═════ Raw data
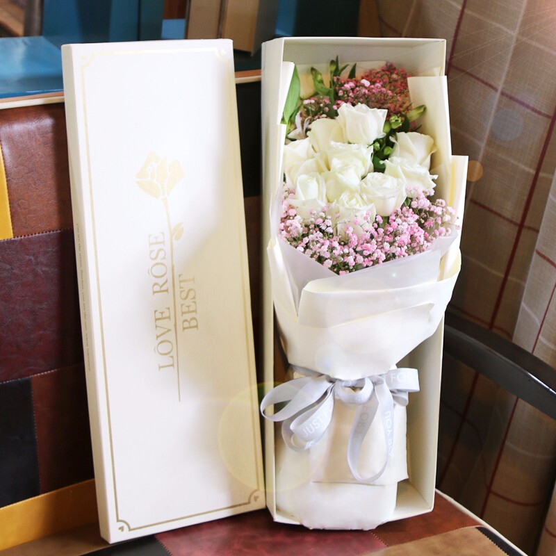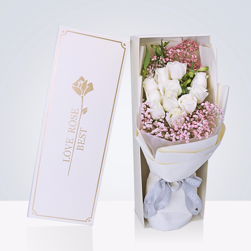 花 材:19朵顶级白玫瑰,搭配进口粉色满天星,绿叶装饰。
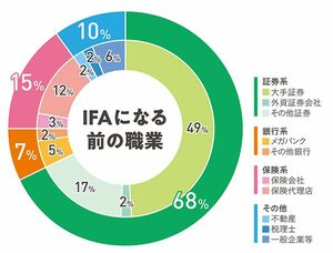 掲載したグラフは、IFAの総合コンサルティング業務を行うアドバイザーナビが2021年1月に行ったWebアンケートを基に作成したものだ。アドバイザーナビは、金融機関勤務者のIFAへの転職支援や、IFAを活用して資産運用・管理を行いたいと思っている富裕層とIFAのマッチングサービスを展開している会社である。白井氏や大石氏など、大手証券出身者やプライベートバンク出身者が同社を通じ続々とIFAに転職をしている。同社代表取締役の平行秀氏は野村證券出身で、IFAの経験もあり、IFA業界への知見が高い。また、同社は多くの非公開求人や、独占求人を持っていることも強みとしている。
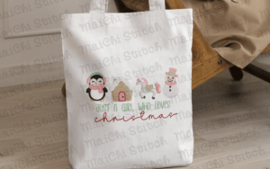 Celebrate your love for the holiday season with this adorable “Just a Girl Who Loves Christmas” embroidery design 🎄✨
══════════
## What the task asks
Beginning with the line that holds "掲載したグラフは、IFAの総", write out exactly the lines down to the end of the material above, and no others. Pictures are not part of the copy.

## Problem solution
 掲載したグラフは、IFAの総合コンサルティング業務を行うアドバイザーナビが2021年1月に行ったWebアンケートを基に作成したものだ。アドバイザーナビは、金融機関勤務者のIFAへの転職支援や、IFAを活用して資産運用・管理を行いたいと思っている富裕層とIFAのマッチングサービスを展開している会社である。白井氏や大石氏など、大手証券出身者やプライベートバンク出身者が同社を通じ続々とIFAに転職をしている。同社代表取締役の平行秀氏は野村證券出身で、IFAの経験もあり、IFA業界への知見が高い。また、同社は多くの非公開求人や、独占求人を持っていることも強みとしている。
 Celebrate your love for the holiday season with this adorable “Just a Girl Who Loves Christmas” embroidery design 🎄✨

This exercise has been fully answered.